Exploring the shift beyond Agile with AI-driven software development and new operating models for teams and enterprises.
Key Takeaways
- AI is driving a major paradigm shift beyond Agile in software development.
- Significant productivity gains require changes in team collaboration and operating models.
- Tailored approaches are needed for different software development tasks and contexts.
- Enterprises with AI-native workflows and roles see much higher delivery speed and quality.
- Continuous upskilling and incentive structures are critical to successful AI adoption.
Summary
- Martin Harrysson and Natasha Maniar from McKinsey discuss the paradigm shift in software development driven by AI.
- They highlight the transition from Agile methodologies to AI-native workflows and operating models.
- The talk focuses on people and operating model changes needed to fully leverage AI in software development.
- Research shows a productivity gap despite AI tools improving individual tasks significantly.
- Bottlenecks include inefficient work allocation, manual code review, and increased technical debt.

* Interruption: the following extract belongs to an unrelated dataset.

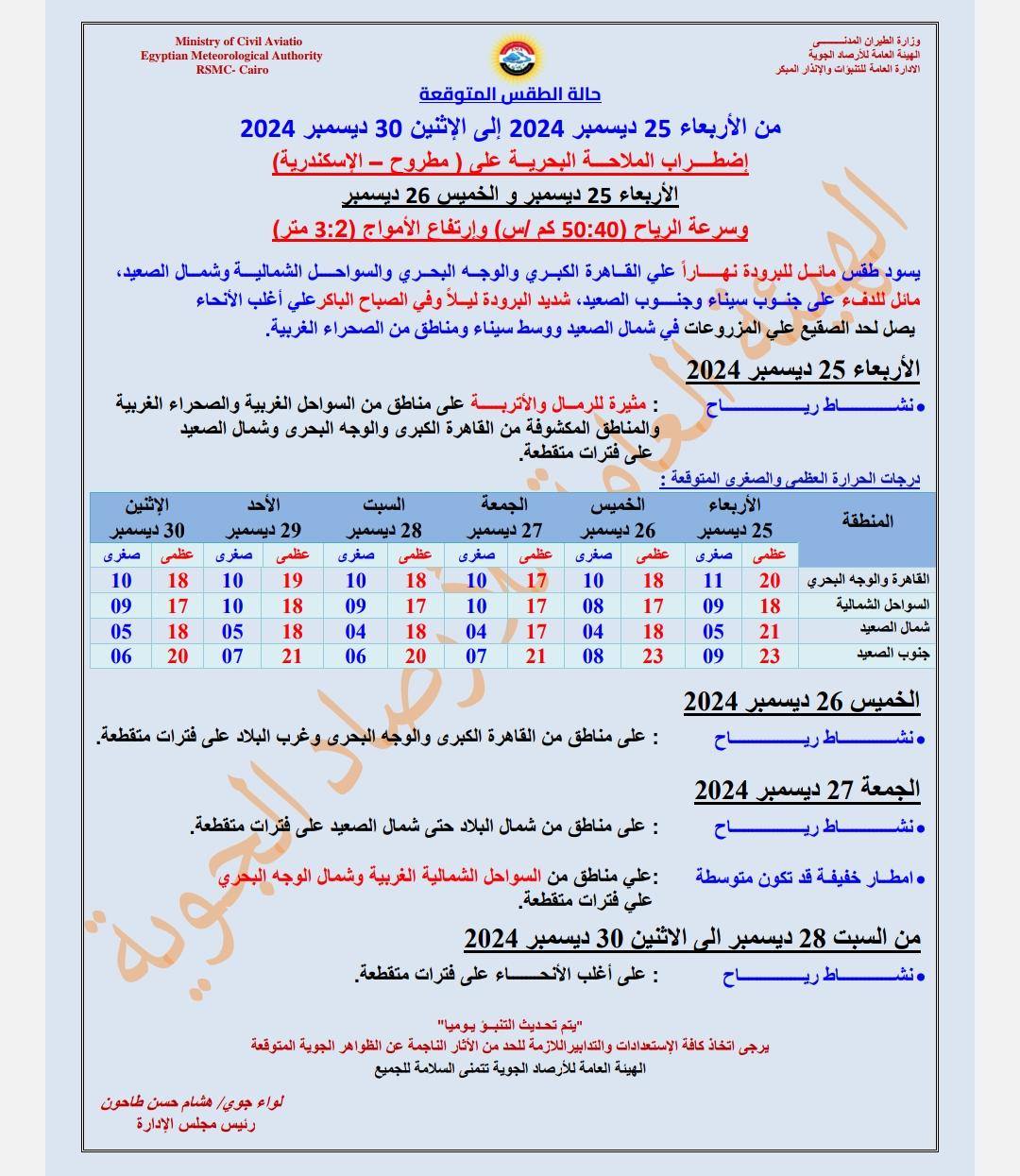 كما تنشط الرياح الجنوبية الغربية ليومي الأربعاء 25 ديسمبر والخميس 26 ديسمبر 2024 على مناطق من الصحراء الغربية ومناطق من (مطروح - الإسكندرية)

- Different engineering functions require tailored operating models, such as agent factories for legacy code and iterative loops for new features.
- Top-performing enterprises adopt AI-native workflows across multiple use cases and create AI-native roles with smaller, cross-functional pods.
- These organizations invest in continuous upskilling, impact measurement, and incentives to drive AI adoption.
- AI-native workflows shift from quarterly to continuous planning and from story-driven to spec-driven development.
- AI-native roles consolidate responsibilities, enabling product builders to manage agents with full-stack fluency.